The intestine is a specialized environment in which immune cells must defend the body against pathogens while ignoring beneficial commensal bacteria. Specialized epithelial cells known as microfold (M) cells can sample luminal antigens and pass them to dendritic cells (DCs). Other studies have shown that DCs can directly sample luminal antigens. Now, Hans-Christian Reinecker and colleagues describe a network of myeloid-derived CX3C-chemokine receptor 1 (CX3CR1)+ DCs in the lamina propria that can also directly sample luminal antigens.

To study phagocytic cells in the intestine, the authors used mice in which one or both copies of the gene encoding CX3CR1 — the product of which binds the transmembrane chemokine CX3C-chemokine ligand 1 (CX3CL1) expressed by intestinal epithelial and endothelial cells — were replaced with a gene encoding green fluorescent protein (GFP). Heterozygous mice (Cx3cr1GFP/+) express both GFP and the chemokine receptor, whereas homozygous mice (Cx3cr1GFP/GFP) express only GFP. GFP+ monocytic cells were observed in the lamina propria, mesenteric lymph nodes and Peyer's patches. GFP+ lamina-propria DCs expressed CD11c and CD11b, as well as MHC class II and the co-stimulatory molecules CD80 and CD86.

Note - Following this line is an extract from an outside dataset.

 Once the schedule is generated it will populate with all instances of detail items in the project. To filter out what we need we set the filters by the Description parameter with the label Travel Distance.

The authors used confocal microscopy to look at the distribution of intestinal DCs and their interactions with epithelial cells. In the terminal ileum of Cx3cr1GFP/+ mice, lamina-propria DCs extended dendrites into the intestinal lumen. By contrast, in Cx3cr1GFP/GFP mice, dendrites could form in the lamina-propria layer but did not extend into the intestinal lumen, indicating that transepithelial dendrite formation is a CX3CR1-dependent process. Three-dimensional tissue reconstructions based on confocal images showed that the dendrites that extended into the lumen ended in mono- or multi-globular structures. The authors then examined the role of CX3CR1+ DCs in the sampling of the commensal microflora and during infection with the pathogenic bacterium Salmonella typhimurium. Cx3cr1GFP/GFP mice were more susceptible to infection than heterozygous mice, probably as a result of impaired bacterial sampling and lack of transepithelial dendrites.

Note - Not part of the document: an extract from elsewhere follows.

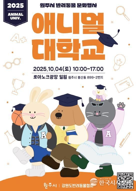 한국시사경제 이정이 기자 | 원주시농업기술센터는 10월 4일 오전 10시 원주천 로아노크광장에서 반려동물 문화행사 ‘애니멀 대학교’를 개최한다.

This study describes a network of lamina-propria DCs that can directly sample luminal antigens using a mechanism distinct from that involving M cells. It remains to be determined which antigen-uptake receptors are expressed at the terminal dendrite structures and whether commensal bacteria can be distinguished from pathogens, but the authors suggest that it might be possible to target these structures to engage intestinal DCs, which could be useful for vaccine development.